Император
Шрифт:
Кровь застыла в ней от страха и ужасного подозрения.
Лампа дрожала в ее руке, когда она склонилась над сундуком, предназначенным для хранения всего, что она имела. Там лежали старые папирусы, тщательно уложенные один возле другого, но оба кошелька с золотом Плутарха и императора исчезли.
Она подняла один за другим свитки папируса. Затем выбросила их все из сундука, так что дно ящика обнажилось совсем, но золота не было нигде.
Новый раб взломал крышку сундука и украл все имущество сирот человека,
Арсиноя громко вскрикнула, позвала к себе двух кредиторов, рассказала им о случившемся и умоляла их преследовать вора. Видя, что они недоверчиво пожимают плечами, она поклялась, что говорит правду, и обещала им, поймают ли они раба или нет, заплатить нарядами своими и своего покойного отца.

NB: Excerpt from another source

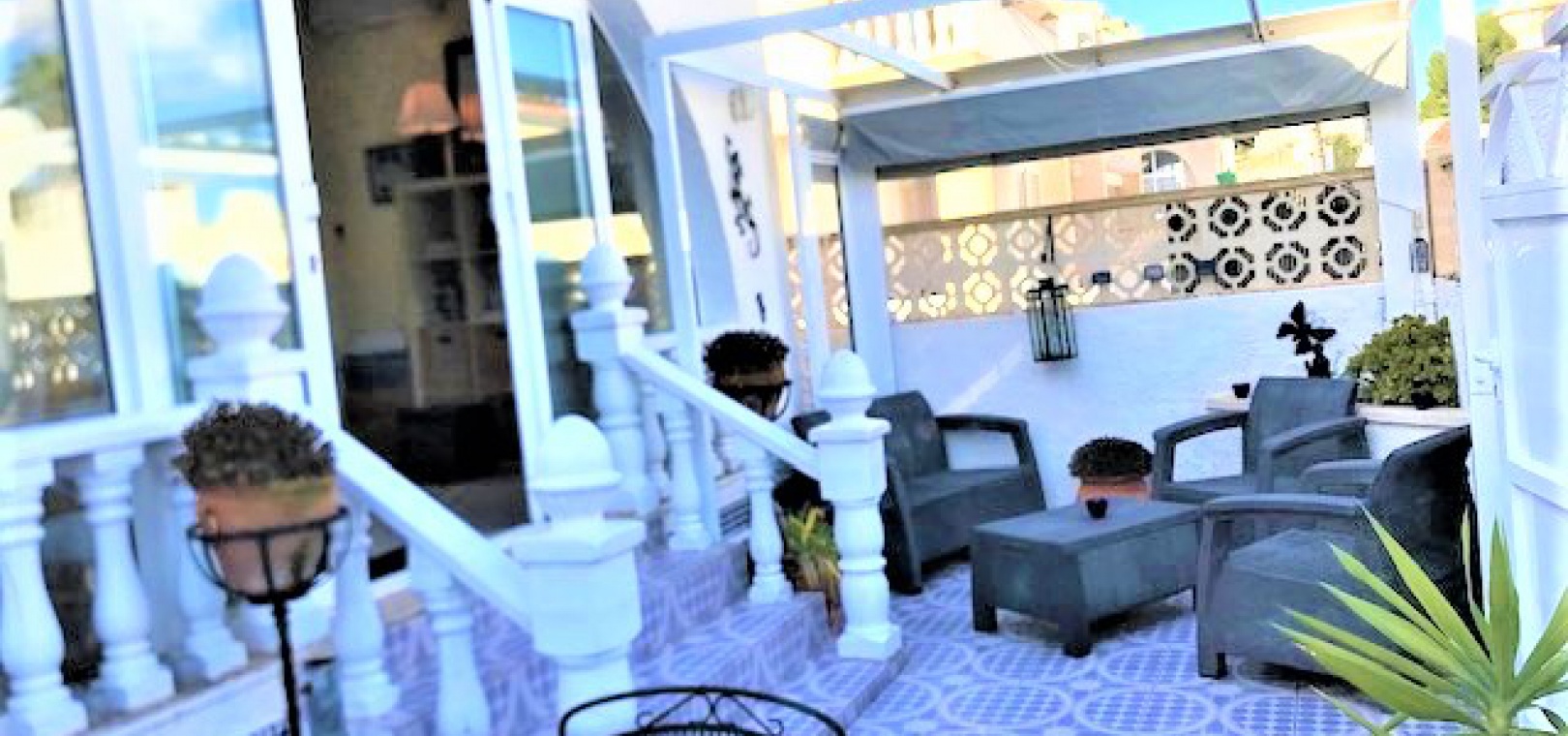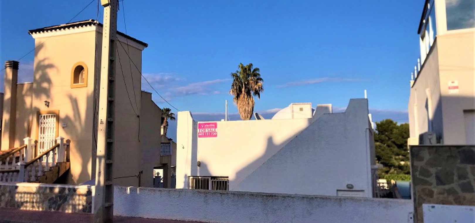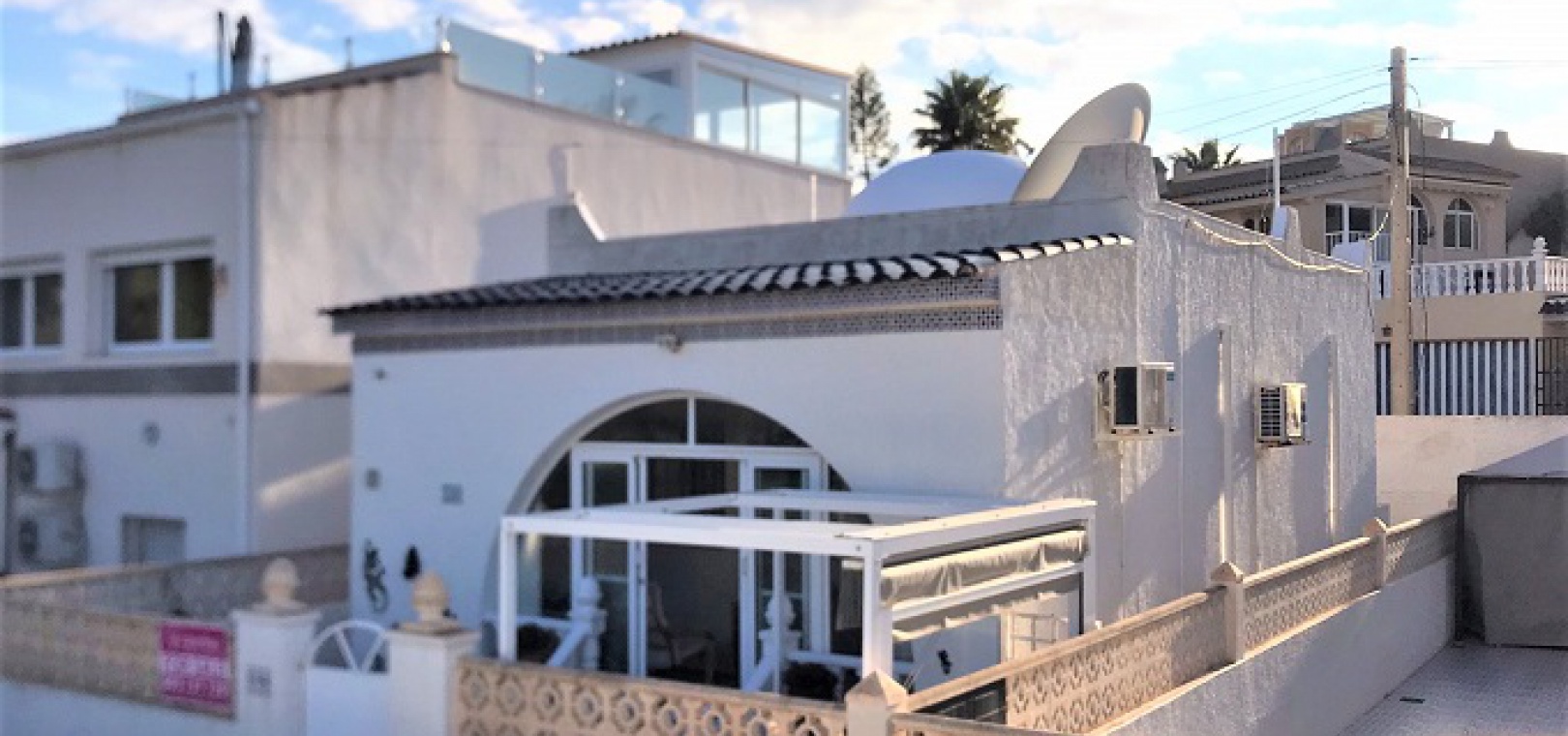 Eine kleine freistehende Villa mit 2 Schlafzimmern und 1 Bad und einem privaten Solarium auf dem Dach in Blue Lagoon, Villamartin, Costa Blanca South.

Она знала имя работорговца, у которого Керавн купил нового раба, и сообщила его встревоженным кредиторам. Они наконец оставили ее, чтобы немедленно распорядиться насчет преследования убежавшего вора.

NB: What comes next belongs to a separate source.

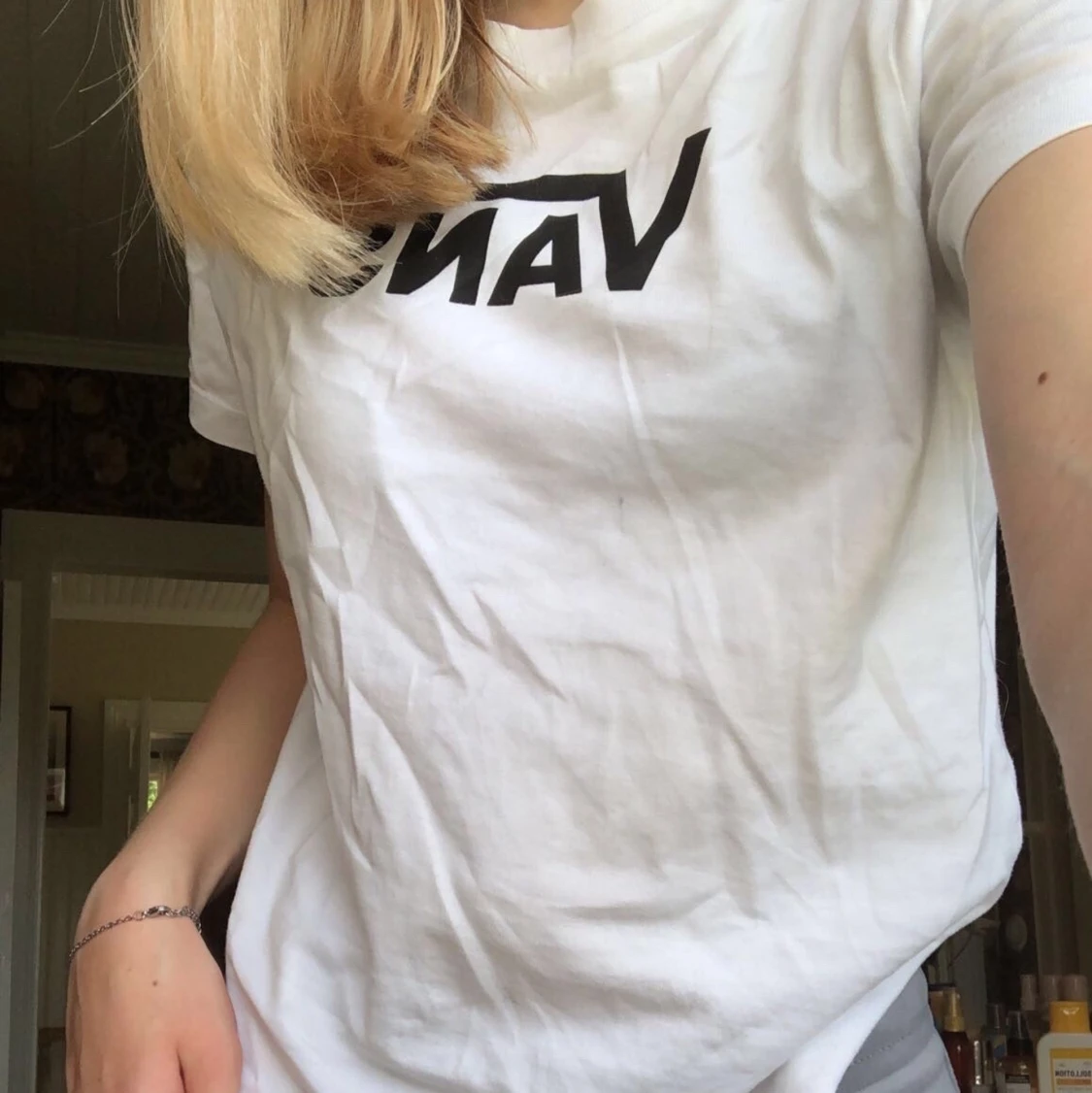 En vit T-shirt ifrån vans i strl xs ❤️ inget fel på den men säljer den för att den inte är min stil ❤️ köpt på ridestore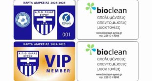 Ελλάς Σύρου: Πάρε θέση στην κερκίδα… Την διάθεση προς το κοινό των καρτών διαρκείας της αγωνιστικής περιόδου 2024-2025 ανακοίνωσε η Ελλάς Σύρου κάνοντας ξεκάθαρο άνοιγμα στον κόσμο για στήριξη δυναμική επιστροφή στις εξέδρες! Η ανακοίνωση, αναφέρει: Σε κυκλοφορία τίθενται οι κάρτες διαρκείας για την αγωνιστική περίοδο 2024/25, όπου θα μπορείτε …

Арсиноя снова осталась одна. Без слез, но дрожа от озноба, едва владея своими мыслями от беспокойства и волнения, она схватила покрывало, набросила его на голову и побежала через двор и по улицам к своей сестре.
Да, несомненно, добрые духи исчезли из дворца со времени появления Сабины на Лохиаде.
III
В совершенно темном месте у садовой стены стоял философ-киник, который так неласково встретил Антиноя, и тихим голосом горячо возражал на упреки другого человека, который, подобно ему, был покрыт разорванным плащом, носил нищенскую суму и, по-видимому, принадлежал тоже к числу киников.
– Не отрицай того, – говорил этот последний, – что ты приверженец христиан.
– Да выслушай же меня, – настойчиво упрашивал другой.
– Мне нет надобности ничего выслушивать, так как я вижу вот уже десятый раз, что ты прокрадываешься в их собрания.
– Да разве я отрицаю это? Разве я не признаюсь откровенно, что ищу истину везде, где вижу хоть слабое мерцание надежды найти ее?
– Как тот египтянин, который хотел поймать чудесную рыбу и наконец закинул свою удочку в песок?
– Человек поступил разумно.
– Вот тебе и на!
– Какая-нибудь чудесная вещь находится не там, где все ищут ее. Гоняясь за истиной, мы не должны бояться и болота.
– А христианское учение, вероятно, и есть такая трясина.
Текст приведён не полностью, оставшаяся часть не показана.